Take a good look at this picture before I begin...
After reading the title of this blog post, can you guess what happened to me last night? Yep, during a friend's birthday festivities (with 20 other women watching), I proceeded to spill an entire glass of red wine all over myself, including my very cute, very white shirt.
Yep, I was *that* friend last night.
I had only had one drink at the time and, Murphy's Law, it was an $80 bottle from 2006 ("practically vintage!" as one of my girlfriends said), and it was a FULL glass. Nice work, Tasha. Not only do you wear white (after Labor Day, gasp!), but you manage to spill, not cheap wine but, pretty expensive wine all over yourself....in front of 20 women who are sitting at the table with you.
This was almost as bad as the time I bled on a stripper.
Yeah, not going to tell you THAT story, sorry 'bout that. If you know me in person, ask me about it. If you're lucky, I might tell you...

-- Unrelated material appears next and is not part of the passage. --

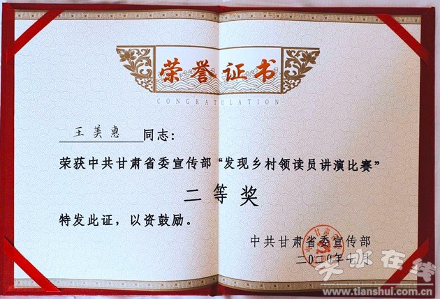7月15日,省委宣傳部在蘭州舉辦了2020年“發(fā)現(xiàn)鄉(xiāng)村領(lǐng)讀員”全省農(nóng)家書屋閱讀講演比賽。這次活動緊扣“決勝全面小康、決勝脫貧攻堅”主題,以“講小康故事、講脫貧故事”為基本內(nèi)容,通過農(nóng)民演講的表現(xiàn)形式,讓農(nóng)民講述讀書、用書的經(jīng)歷、體會和感受,展現(xiàn)農(nóng)家書屋給農(nóng)村帶來的變化,給農(nóng)民帶來的實惠,體現(xiàn)農(nóng)家書屋在脫貧攻堅中的“扶智、扶志”作用。在全省14個市州30名選手的角逐中,我市推選的兩名選手,甘谷縣大像山鎮(zhèn)東關(guān)村農(nóng)家書屋管理員王苗、甘谷縣金山小學(xué)圖書室管理員王美惠分別獲得第一名、第二名的好成績,被省委宣傳部聘為“全省新時代鄉(xiāng)村閱讀季活動鄉(xiāng)村領(lǐng)讀員”。我市獲得全省優(yōu)秀組織獎。

Back to the wine. What kills me the most is, typically, I am not *that* friend. I have never spilled a drink on myself...like, ever. I can handle my alcohol, thanks to my years of bartending. At the bars I worked at, we could drink while we worked, so I learned at a very early age how to drink without showing it.
So how did it happen, you ask? I was sitting at a very large table (with 20 other women, remember lol?), happily passing appetizer plates around when, two plates came to me at once. I did my best to pass one and then the other when....crash! All over my lap. I also made a very loud gasp when the glass emphatically hit my plate, pouring wine all over my plate (with delish food on it), the white table cloth, my pants and my shirt. The gasp probably got the attention of the remaining women who didn't hear the glass/plate crash.
Awesome. Way to get the birthday party started, Tasha.
But...there IS a happy ending to this story. After hunkering down at the table, trying to hide the very large, pinkish stain underneath the table, I texted The Hubs with my news. You know what he did? He grabbed a very pretty sweater from my closet, hopped in the car with no shoes on, and drove to the restaurant so I could change my shirt! I made him come in to where the party was and, thankfully, the women at my table gave him a round of applause.
I got a lot of "my husband would NEVER do that for me!" and "I can't believe he did that!" from the women around me.
I just told them that yes, I have a super-duper husband (love you, Hubs!) and...... I give really good blow jobs. Yes, I really told them that (add 20 classy points for that one).